- [Task requirements]:
All entries are to be copied exactly, with pictures removed.

━━━ Given entries

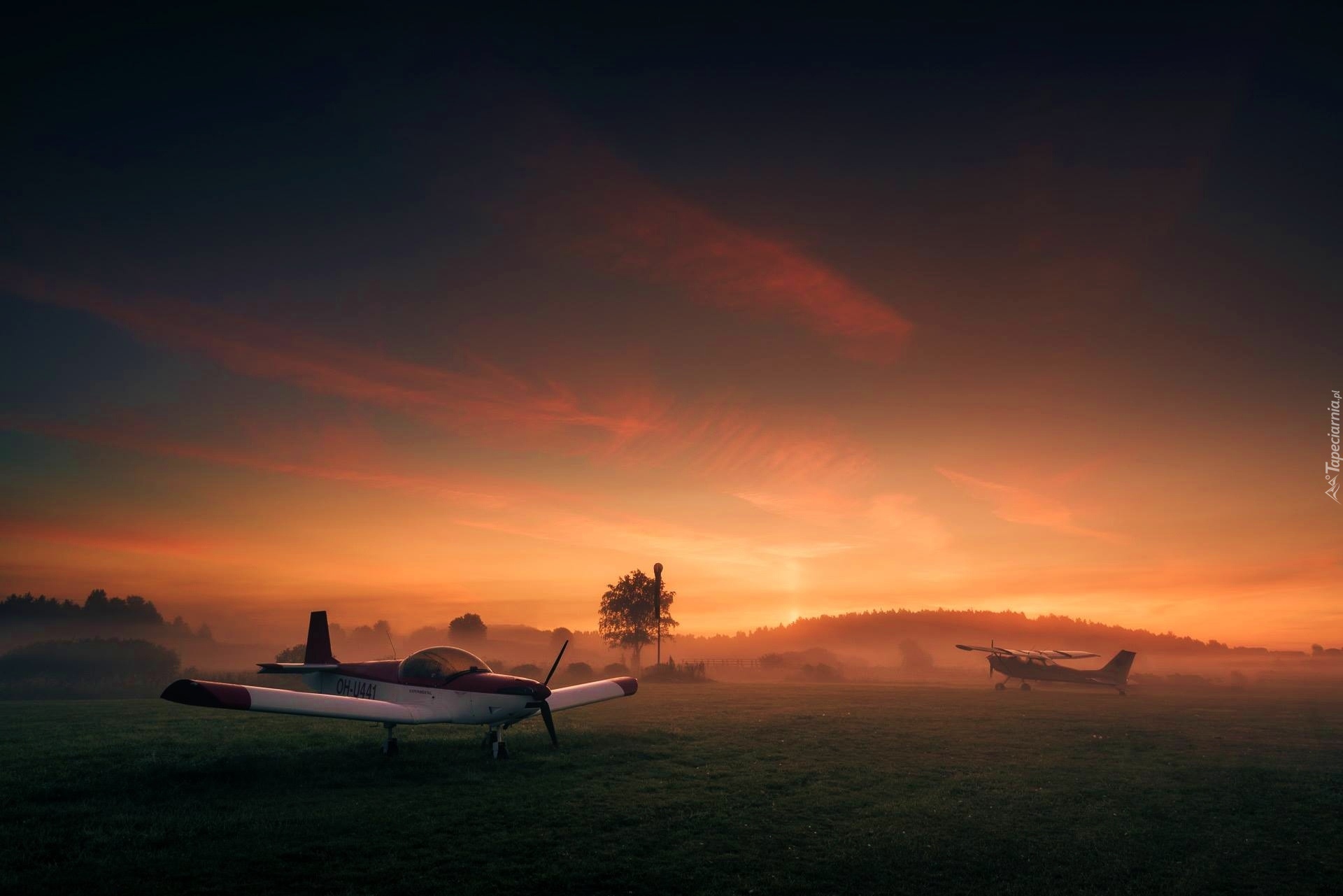 Edytor tapety: Zachód, Słońca, Mgła, Awionetki
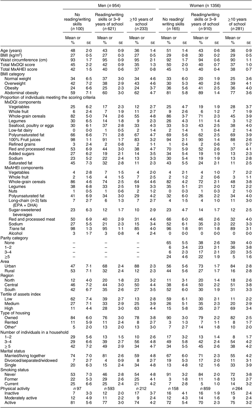 ENSANUT, National Health and Nutrition Survey, MxDQI, Mexican Diet Quality Index, MxAHEI, Mexican Alternate Healthy Eating Index. Data for age, BMI, waist circumference, total MxDQI score and total MxAHEI score are presented as mean and se; all other data are presented as % and se.
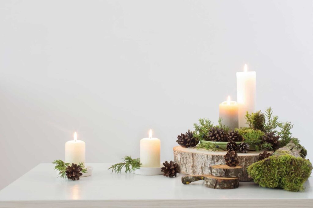 Per als detalls naturals, les pinyes i les branques d’avet són complements ideals. Es poden utilitzar per crear centres de taula o decorar espais com el prestatge de la llar de foc, aportant una textura rústica i una fragància natural que evoca l’hivern.
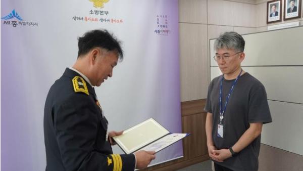 세종소방본부가 지난 10일 청주하나병원과 나준호 의료지도의사에게 소방청장 감사장을 수여했다.이들은 응급환자 이송 지연 해소 및 구급서비스 향상에 기여한 공로로 높은 평가를 받았다.청주하나병원은
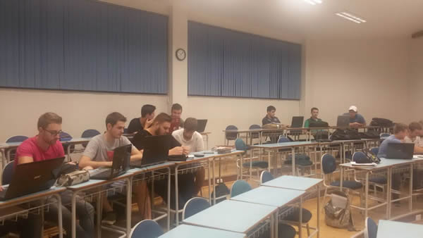 Na noite desta segunda-feira, a turma de engenharia mecânica da FAHOR, na disciplina de Física III, com a professora Valéria Bonetti, teve uma aula prática de resistores. Na noite os alunos estudaram os resistores, capacitores, transístor e outros componentes elétricos.
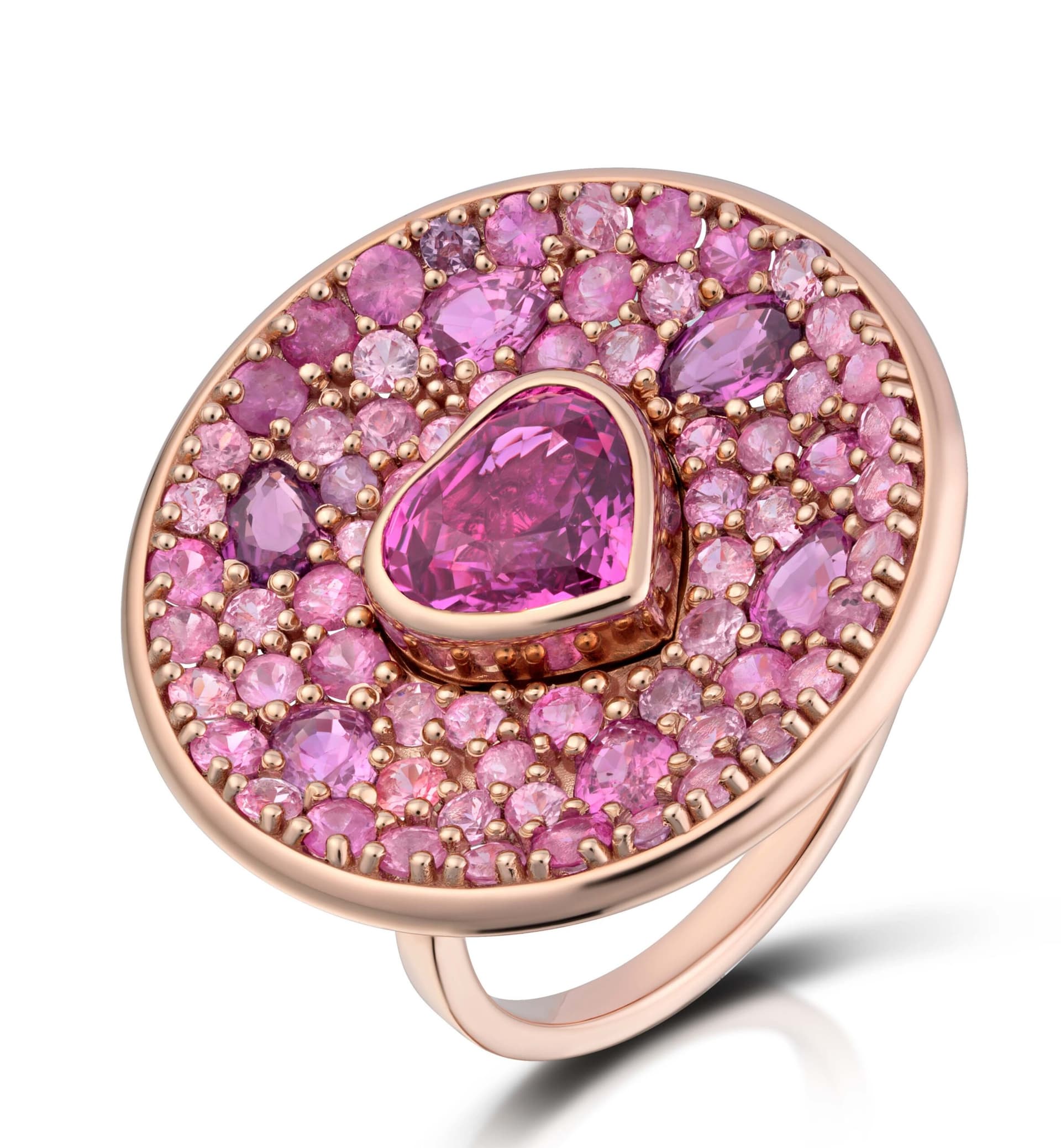 Is this a ring? A pendant? Or both? This alluring and mysterious piece is 14kt rose gold, set with a natural 3.5ct center, unheated heart-shaped pink sapphire. The pear-shaped sapphires that surround it exceed 4 cts and are also unheated and untreated. The small round sapphires are heated pink sapphires. Designed, cast, set completely in Canada.
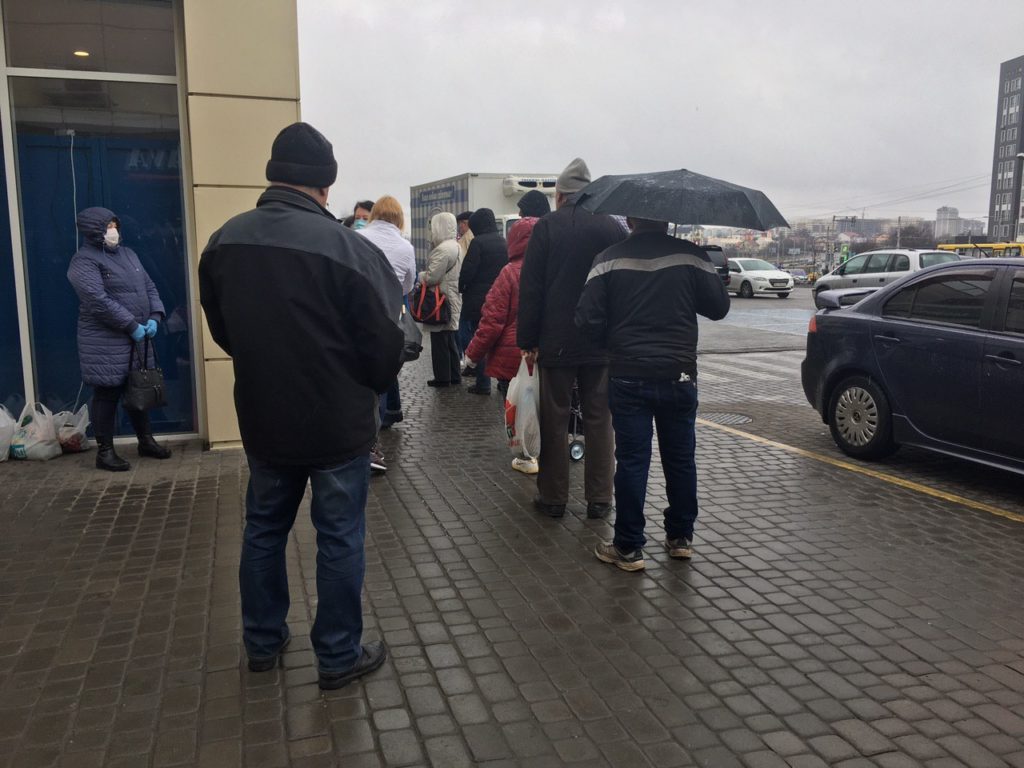 Ранок суботи, верхній ринок Шувар. В галереї з м’ясом та овочами пускають по 10 осіб, на дверях – грізний охоронець, на вулиці, під дощем і снігом, – черга із 50 осіб. Про відстань один від одного в два-три метри і не йдеться, люди туляться один до одного, думають, що так буде тепліше і швидше. Не секрет, що за таких умов можна, нехай і не коронавірус, але ГРВІ чи грип підхопити – точно.

━━━━━━

- [Solution to the exercise]:
 Edytor tapety: Zachód, Słońca, Mgła, Awionetki
 ENSANUT, National Health and Nutrition Survey, MxDQI, Mexican Diet Quality Index, MxAHEI, Mexican Alternate Healthy Eating Index. Data for age, BMI, waist circumference, total MxDQI score and total MxAHEI score are presented as mean and se; all other data are presented as % and se.
 Per als detalls naturals, les pinyes i les branques d’avet són complements ideals. Es poden utilitzar per crear centres de taula o decorar espais com el prestatge de la llar de foc, aportant una textura rústica i una fragància natural que evoca l’hivern.
 세종소방본부가 지난 10일 청주하나병원과 나준호 의료지도의사에게 소방청장 감사장을 수여했다.이들은 응급환자 이송 지연 해소 및 구급서비스 향상에 기여한 공로로 높은 평가를 받았다.청주하나병원은
 Na noite desta segunda-feira, a turma de engenharia mecânica da FAHOR, na disciplina de Física III, com a professora Valéria Bonetti, teve uma aula prática de resistores. Na noite os alunos estudaram os resistores, capacitores, transístor e outros componentes elétricos.
 Is this a ring? A pendant? Or both? This alluring and mysterious piece is 14kt rose gold, set with a natural 3.5ct center, unheated heart-shaped pink sapphire. The pear-shaped sapphires that surround it exceed 4 cts and are also unheated and untreated. The small round sapphires are heated pink sapphires. Designed, cast, set completely in Canada.
 Ранок суботи, верхній ринок Шувар. В галереї з м’ясом та овочами пускають по 10 осіб, на дверях – грізний охоронець, на вулиці, під дощем і снігом, – черга із 50 осіб. Про відстань один від одного в два-три метри і не йдеться, люди туляться один до одного, думають, що так буде тепліше і швидше. Не секрет, що за таких умов можна, нехай і не коронавірус, але ГРВІ чи грип підхопити – точно.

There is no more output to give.